Assigned task: What needs reproducing is the run of lines in the data below starting at the line with "- Innovative Modular" and ending at the line with "이번 개정은 지난해 특허법과", both ends included. Copy it exactly, without pictures, and add nothing.

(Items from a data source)
··········

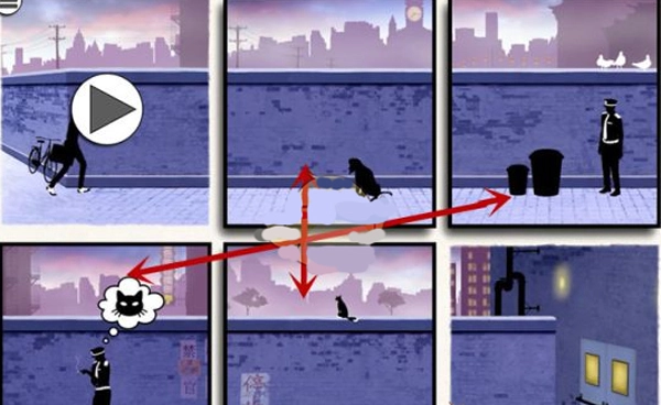 和上一章节比起来,难度有了一定提升。除了基础的画面切换操作外,还得完成角色与道具之间的互换。运用猫咪来吸引敌人的注意力,再依靠自行车达成通关,是这一章节的核心要点。
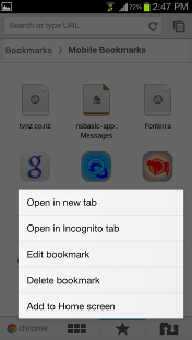 2. Tap the phones ‘Menu’ button. Select ‘Bookmarks’. Then in the bookmarks list you need to add the bookmark to the Home Screen. To do this tap & hold the icon. A menu will appear then select to ‘Add to home screen’.
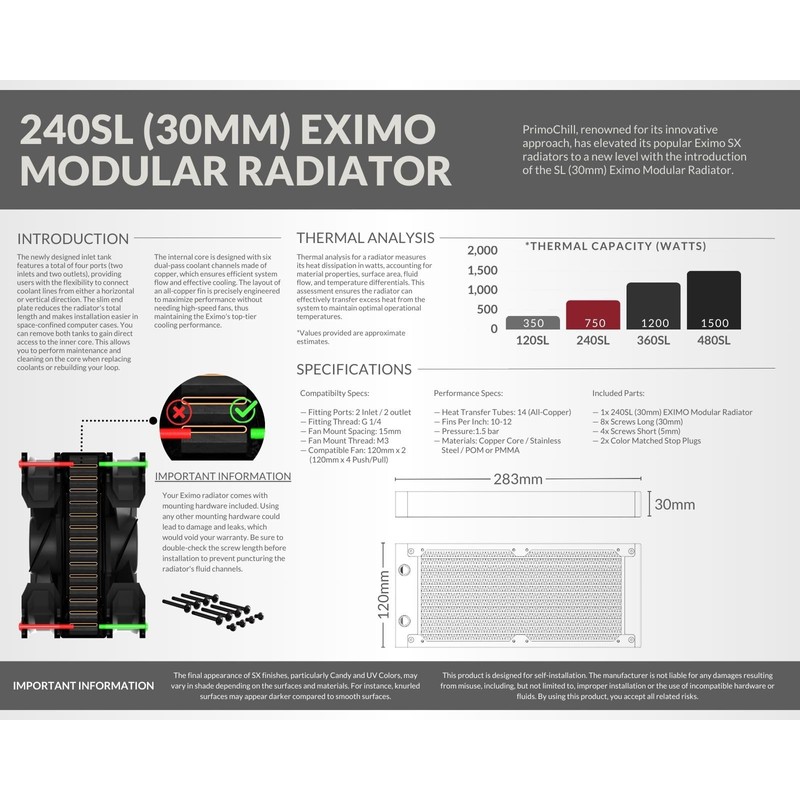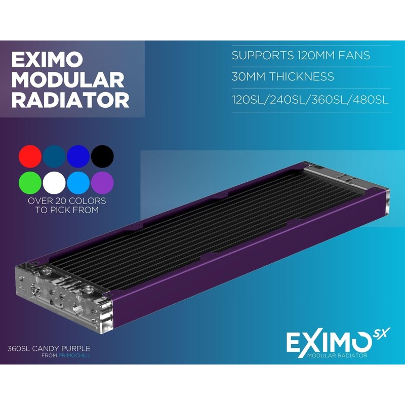- Innovative Modular Design: The Eximo SL Modular radiator from PrimoChill features a unique modular design for effortless upgrades and modifications to your water-cooling loop.
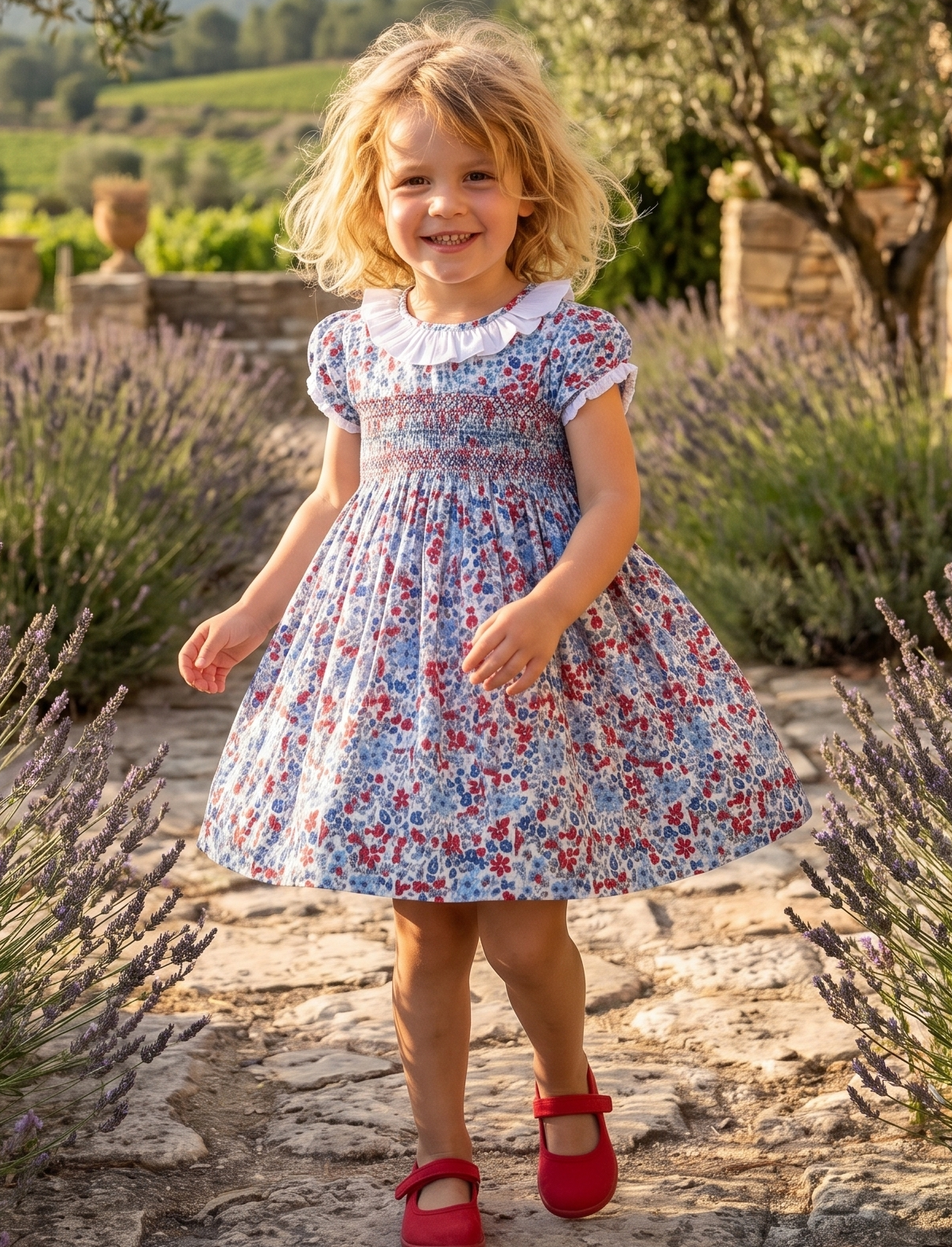 Vestido de verano con cuello volante blanco y nido de abeja en estampado floral rojo y azul
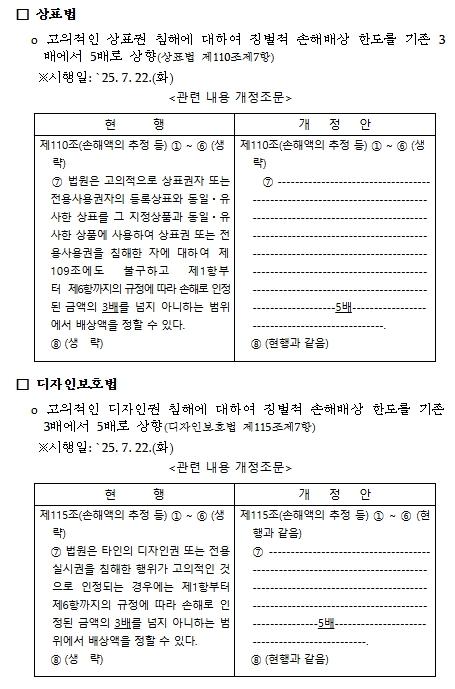 이번 개정은 지난해 특허법과 부정경쟁방지법에 도입(’24.8.21)된 특허·영업비밀 침해 및 아이디어 탈취행위에 대한 최대 5배 징벌적 손해배상제도를 상표와 디자인 분야까지 확대하는 것이다. 이로써, 우리나라는 고의적인 지식재산(저작권 제외) 침해에 대해 세계에서 가장 높은 수준인 최대 5배 징벌배상을 부과할 수 있는 체계를 구축하게 됐다.
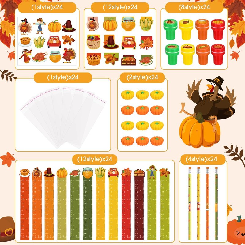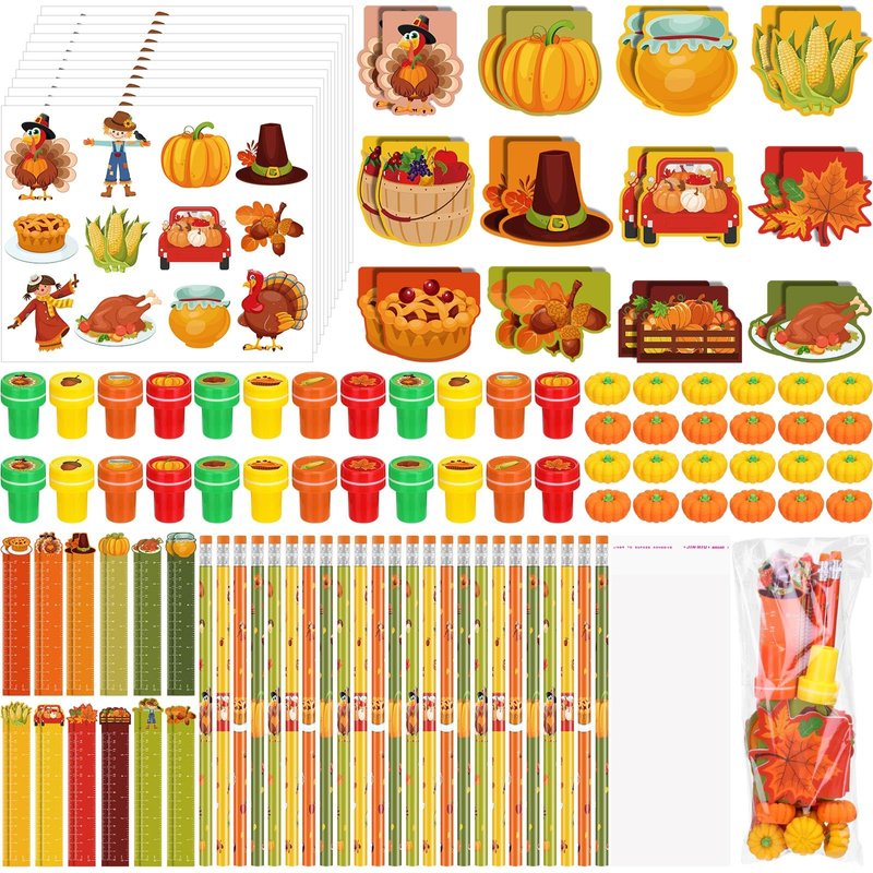 - Package Contents: the Thanksgiving themed stationery set includes 24 pieces Thanksgiving stampers, 24 pieces Thanksgiving mini notebooks, 24 pieces Thanksgiving erasers, 24 pieces Thanksgiving stickers, 24 pieces Thanksgiving pencils, 24 pieces Thanksgiving rulers, coming with 24 sets of clear gift bags, abundant in quantity, meeting your different decorative needs, enough to share with your mates
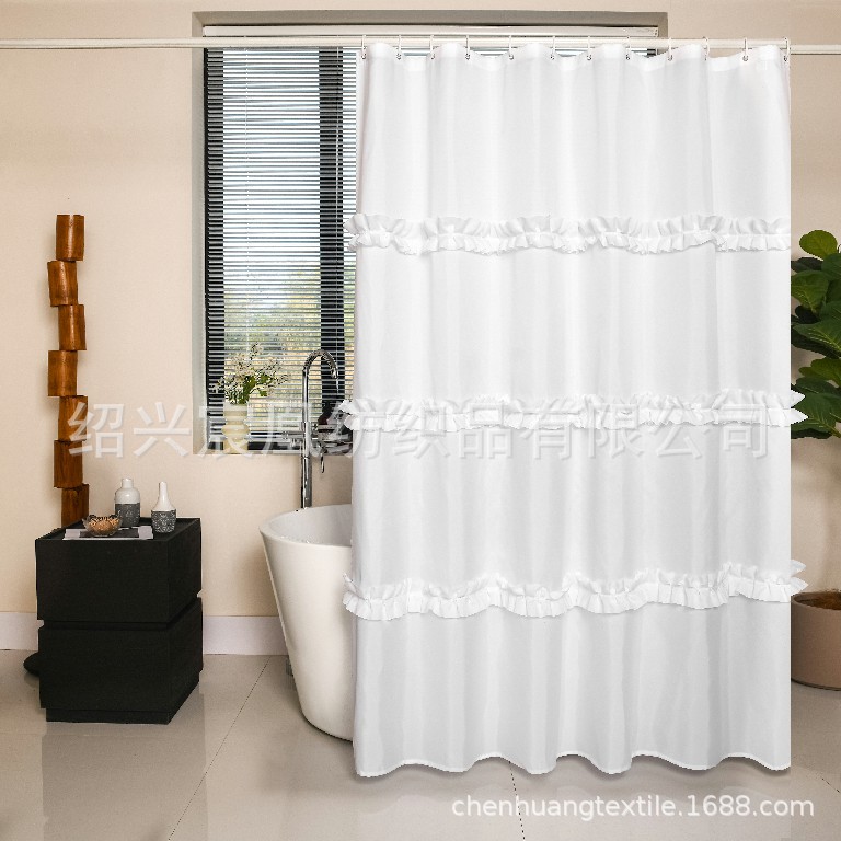Оптовая продажа белых душевых занавесок из полиэстера с кружевным блокированием от трансграничного производителя
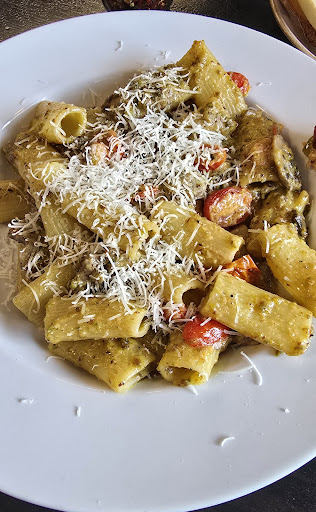 Read moreEverything was just ok. 7-10-21 dinner 5:30pm. My previous time here was for lunch. I am a critic of restaurants, their atmosphere, food quality, service and wait staff. Exterior building appearance is very appealing. Customer Parking was wide open with 1 car in the parking lot and he was pulling out. Greeted immediately upon entering by the hostess and seat promptly. The waitress “Elizabeth”;came over within minutes and was pleasant while taking our drink order. The wait staff all seem to be very young and inexperienced. Our waitress struggled to explain all the dishes. I’m thinking the chef does not meet up with the wait staff before dinner hour to hand out que cards to the staff or explain the nightly specials or offer wine accompaniments. While waiting for drinks I was given time to review the interior. The interior is industrial with an overall cold feeling. Although labeled as a pizza place it offers supposably higher end pasta dishes. The bar area is nice and appropriate leaving the dining area with a feel more of a deli or brewery feel. If your going for pizza, this is the place but if your coming for high end pasta dishes in a comfortable Italian dinner setting this it is not. The setting doesn’t fit fine dining Italian pasta dishes. Unfortunately we came for the pasta dishes. I had the Brucatini Mussel/ Salmon pasta dish and my wife had the Penne Gamberetti. Both dishes arrived just warm. My dish presentation was not appealing to the eye. It actually looked like it was scooped out of a big pot. There were 4-5 of the 100 big cherry type tomatoes partially stewed. Roasted tomatoes would have been nice. There were 4 small mussels along 1 side and the dish was dry. Mussels are fairly inexpensive compared to most seafood so the stingy amount was disappointing and lacking of flavor. Maybe placing them around the entire dish might have helped the appeal of the overall dish. The Salmon was I’m guessing approximately 2 tablespoons crumbled throughout the pasta. The amount of Salmon was disappointing. The serving size was small or approximately 1/3 of an average Olive Garden dish. Yet the price was actually higher than almost all Olive Garden dishes. A feeling that pricing structure is based on the lack of customers rather than the quality of the dishes was evident. My wife’s dish, the Penne Gamberetti had much better presentation. Her main complaint was the dish being dry or lack of sauce. The flavors were there but with the temperature and dryness made the dis disappointing. The $76 will not be spent at this location...
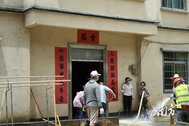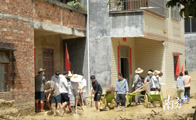 当天,在连续晴好天气和地质灾害专家确认山体稳定后,贵子镇党委吹响清淤复产“集结号”。鲜红党旗下,来自四面八方的党员干部、社工、志愿者及群众,与轰鸣的铲车、挖掘机汇聚一线,疏通沟渠、搬运瓦砾、清理庭院……
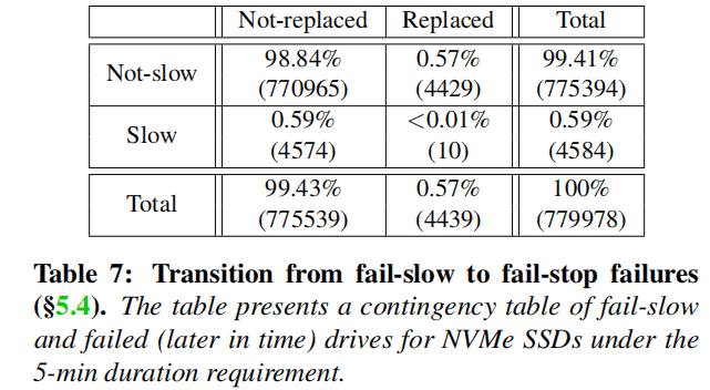 Table 7 is an example contingency table that records the frequency count of drives based on two categories: appearing in the failure log (replaced column) or not appearing (not replaced column), considering at least one fail-slow event (slow rows) or not (non-slow rows). The results are quite surprising, as only 10 drives experienced fail-stop failures before the fail-slow failures. The numbers are relatively small in both the slow drives (approximately 0.22%) and the replaced drives (approximately 0.23%). The average and median transition times were 73 days and 67 days, respectively. One possible reason is that fail-stop failures are rare, or it may take a significant amount of time for the transition from fail-slow to fail-stop. Therefore, we conclude that the transition from fail-slow to fail-stop is unlikely to occur, at least within a few months.

··········

Response box:
- Innovative Modular Design: The Eximo SL Modular radiator from PrimoChill features a unique modular design for effortless upgrades and modifications to your water-cooling loop.
 Vestido de verano con cuello volante blanco y nido de abeja en estampado floral rojo y azul
 이번 개정은 지난해 특허법과 부정경쟁방지법에 도입(’24.8.21)된 특허·영업비밀 침해 및 아이디어 탈취행위에 대한 최대 5배 징벌적 손해배상제도를 상표와 디자인 분야까지 확대하는 것이다. 이로써, 우리나라는 고의적인 지식재산(저작권 제외) 침해에 대해 세계에서 가장 높은 수준인 최대 5배 징벌배상을 부과할 수 있는 체계를 구축하게 됐다.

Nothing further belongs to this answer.